Common Foundations for Recursive Shape Languages

Shqiponja Ahmetaj,Iovka Boneva,Jan Hidders,Maxime Jakubowski,Jose-Emilio Labra-Gayo,Wim Martens,Fabio Mogavero,Filip Murlak,Cem Okulmus,Ognjen Savković,Mantas Šimkus,Dominik Tomaszuk

As schema languages for RDF data become more mature, we are seeing efforts to extend them with recursive semantics, applying diverse ideas from logic programming and description logics. While ShEx has an official recursive semantics based on greatest fixpoints (GFP), the discussion for SHACL is ongoing and seems to be converging towards least fixpoints (LFP). A practical study we perform shows that, indeed, ShEx validators implement GFP, whereas SHACL validators are more heterogeneous. This situation creates tension between ShEx and SHACL, as their semantic commitments appear to diverge, potentially undermining interoperability and predictability. We aim to clarify this design space by comparing the main semantic options in a principled yet accessible way, hoping to engage both theoreticians and practitioners, especially those involved in developing tools and standards. We present a unifying formal semantics that treats LFP, GFP, and supported model semantics (SMS), clarifying their relationships and highlighting a duality between LFP and GFP on stratified fragments. Next, we investigate to which extent the directions taken by SHACL and ShEx are compatible. We show that, although ShEx and SHACL seem to be going in different directions, they include large fragments with identical expressive power. Moreover, there is a strong correspondence between these fragments through the aforementioned principle of duality. Finally, we present a complete picture of the data and combined complexity of ShEx and SHACL validation under LFP, GFP, and SMS, showing that SMS comes at a higher computational cost under standard complexity-theoretic assumptions.

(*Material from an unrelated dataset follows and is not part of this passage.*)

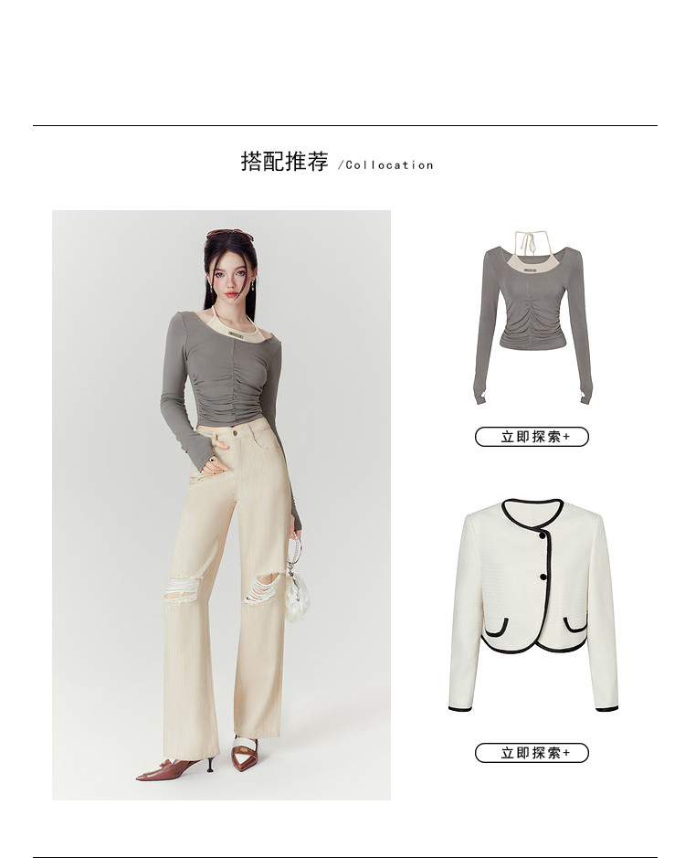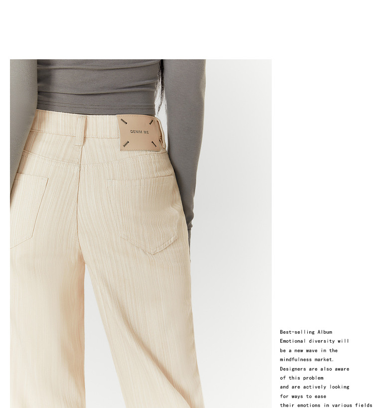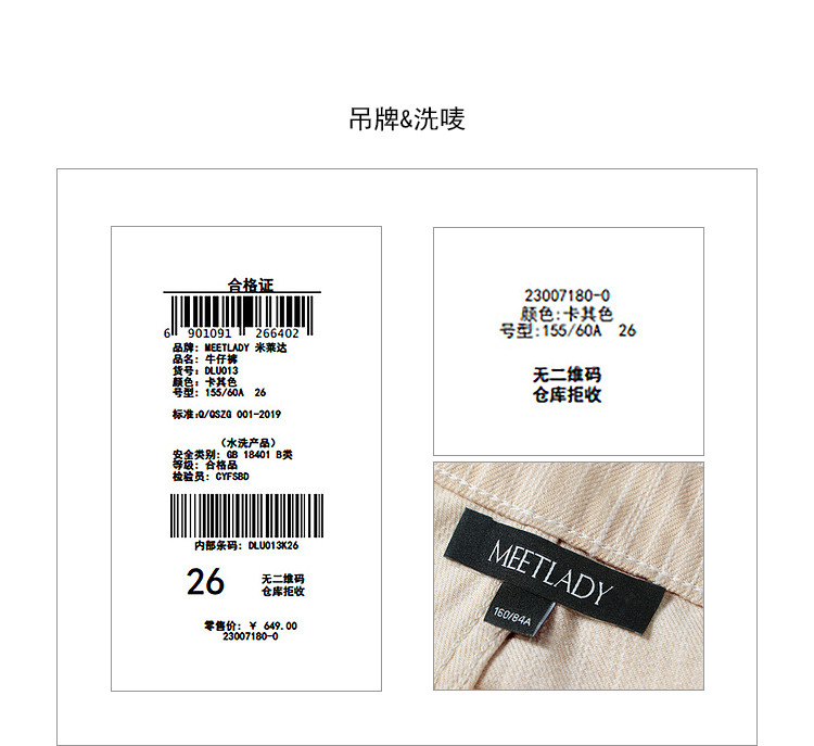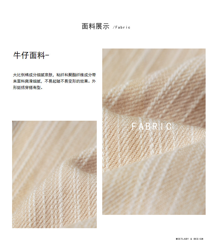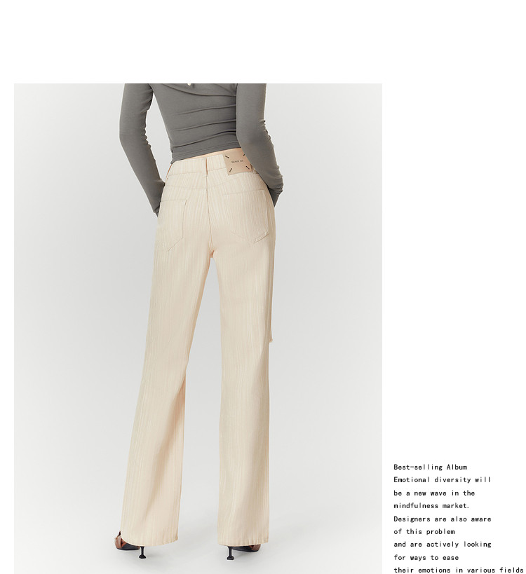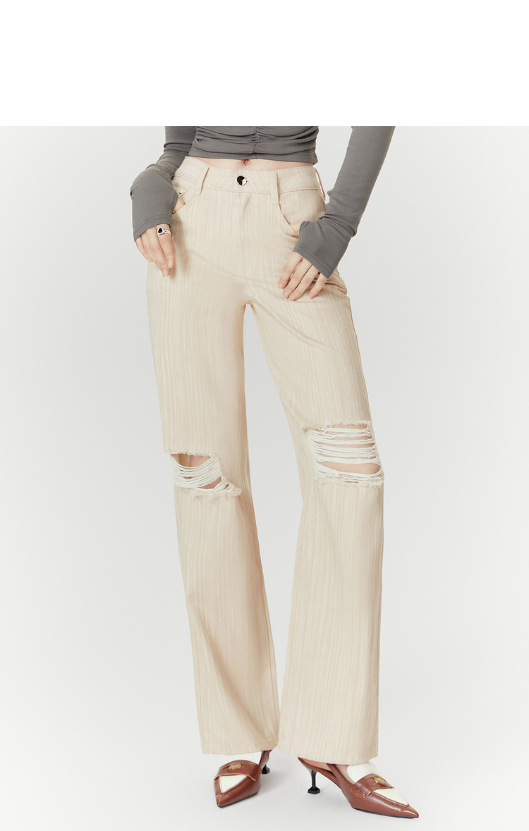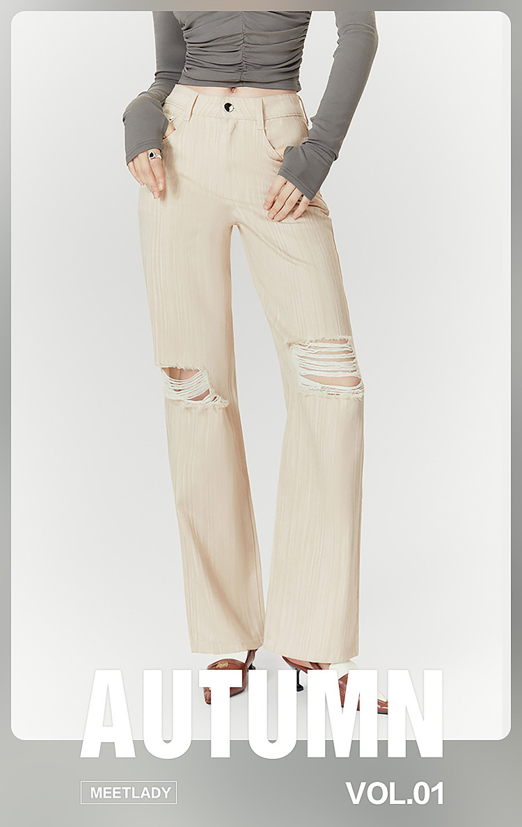 商品名称:春秋高腰显瘦条纹破洞卡其色牛仔裤女百搭直筒裤 869140

翻译：随着RDF数据的模式语言日趋成熟，我们观察到学界正借助逻辑编程和描述逻辑中的多样化思想，尝试为其扩展递归语义。尽管ShEx基于最大不动点（GFP）拥有官方递归语义，但关于SHACL的讨论仍在进行中，且似乎正趋向于最小不动点（LFP）。我们开展的一项实践研究表明，ShEx验证器确实实现了GFP，而SHACL验证器则更具异质性。这种状况在ShEx与SHACL之间造成张力，因为两者的语义承诺存在分歧，可能损害互操作性与可预测性。为厘清这一设计空间，我们以原则性且易于理解的方式比较主要语义选项，期望能吸引理论研究者与实践者（尤其是工具与标准开发人员）共同参与。我们提出一种统一的形式语义，涵盖LFP、GFP及支持模型语义（SMS），阐明三者关系并揭示分层片段上LFP与GFP的对偶性。进而探究SHACL与ShEx各自发展方向的可兼容程度：尽管两者看似分道扬镳，但其包含的大规模片段具有相同的表达能力，且这些片段可通过前述对偶原则实现强对应。最后，我们完整呈现了在LFP、GFP及SMS下ShEx与SHACL验证的数据复杂度与组合复杂度，表明在标准复杂度理论假设下SMS需承担更高的计算代价。